Wednesday, June 18, 2003

I played my keyboard for a while tonight; for "a while", read, "the usual ten to twenty minutes before I get antsy and have to back away". Big, big sounds come out of my keyboard with very little effort on my part. I use the headphones so that I can keep the big sounds to myself.

There's been a keyboard instrument of some sort in my life for nearly 40 years now, starting when I was a second grader wheedling piano lessons out of my parents because my best friend Kathy was learning to play. I was never a stellar piano student, mostly because I could sit down and play for two hours at a stretch without actually practicing. As it happened, I'd already started writing songs at age four. My mother was furious when my cousin Patty and I tore up Mom's little notebook of my songs in order to make a pile of paper cargo for a toy train set I used to have. It didn't bother me, though, and still doesn't. I was embarrassed that Mom wrote the songs down in the first place.

Later, when I was in my teens and twenties, I took up songwriting in a most obsessive way. I took some guitar lessons towards the end of that time, with the partially realized goal of playing in a band. (True to form, and to the spirit of the early eighties garage-band lifestyle, our keyboardist was really a guitarist.) The band didn't last, and neither did my flirtation with the electric guitar, but I kept plodding away at keyboard music for a while after that.

And then I gave it up for over fifteen years.

Most of my friends don't really understand this. I didn't understand it myself until fairly recently, but I think the explanation is fairly simple. Nothing I've ever done in my life, whether I've done it well or done it poorly, whether it was work or play or both, whether or not I enjoyed it at the time, has ever caused me to be subjected to so much petty crap as the fact that I played music. There was the alleged high-school guidance counselor who booted me out of my long-anticipated senior-year registration in an electronic music class because I was a science student, goddammit, not a music student. There was my mother complaining that everything I wrote was "a protest song", whether it had lyrics or not. There was the cousin who listened to a song I wrote -- it was a play on a street name in our home town -- and then asked me if I knew how to play any songs. There was the man to whom I had the true misfortune to be attracted, who told his friends that my lyrics proved that I was dangerous to be around. (I was mystified. First, he had an even more curmudgeonly sense of humor than mine. Second, there wasn't a mutilated ex-boyfriend or an incendiary revenge fantasy in the whole verbal/musical carload.

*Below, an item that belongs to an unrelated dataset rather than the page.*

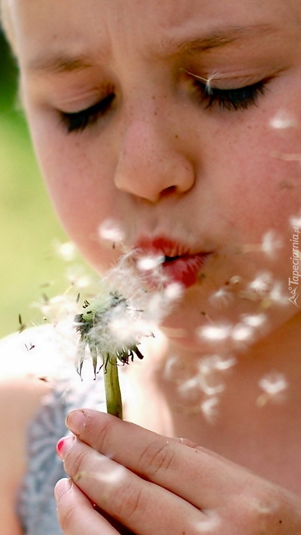 Edytor tapety: Dziewczynka z dmuchawcem w dłoni

No one ever done me wrong in my songs during that time. I was too busy writing stuff like fantasies about enjoying solitary lunar orbit, and satirical lyrics poking dark fun at everyhing from the alleged ascent of man to the bizarre fame of G. Gordon Liddy.)

Given all of this, the constant yammer of music in my head got to be too much, like a daily slap across the face coupled with a pronouncement that you're never going to amount to anything. In self-defense, I took a decade and a half off to clear my head of all of the worrisome creative stuff and get more in touch with my rational, analytical side.

Y'know, I was never ready to quit my day job. But I really don't think I was that bad at music. I know I'm not bad at it now, and I spend about a hundredth of the time playing now than I did then. I've even actually learned to sing in the meantime.

I bought my current keyboard, my main axe, about three years ago; it's got a nice, full-sized touch-sensitive keyboard as well as over 1100 presets, perhaps 20 of which I actually use. To paraphrase the Doobie Brothers, it keeps me running. Every once in a while I give it a few minutes of time out of a day made busy with other things. Yes, I've finally written a angry song --just one -- about the dude who found my lyrics dangerous. It was one of those cases in which if you're going to be accused of it, you might as well do it. On the lighter side: I've even written a couple about bugs.

Someday I may record my songs and post them electronically in a public place. Or, they may just remain a secret between the headphones and me. I don't owe music to anyone, and no one owes music to me. What goes on between my own ears is my secret unless I choose to reveal it. I push the sliding volume control towards its maximum. My head expands to fill the available space. And no one outside is any the wiser.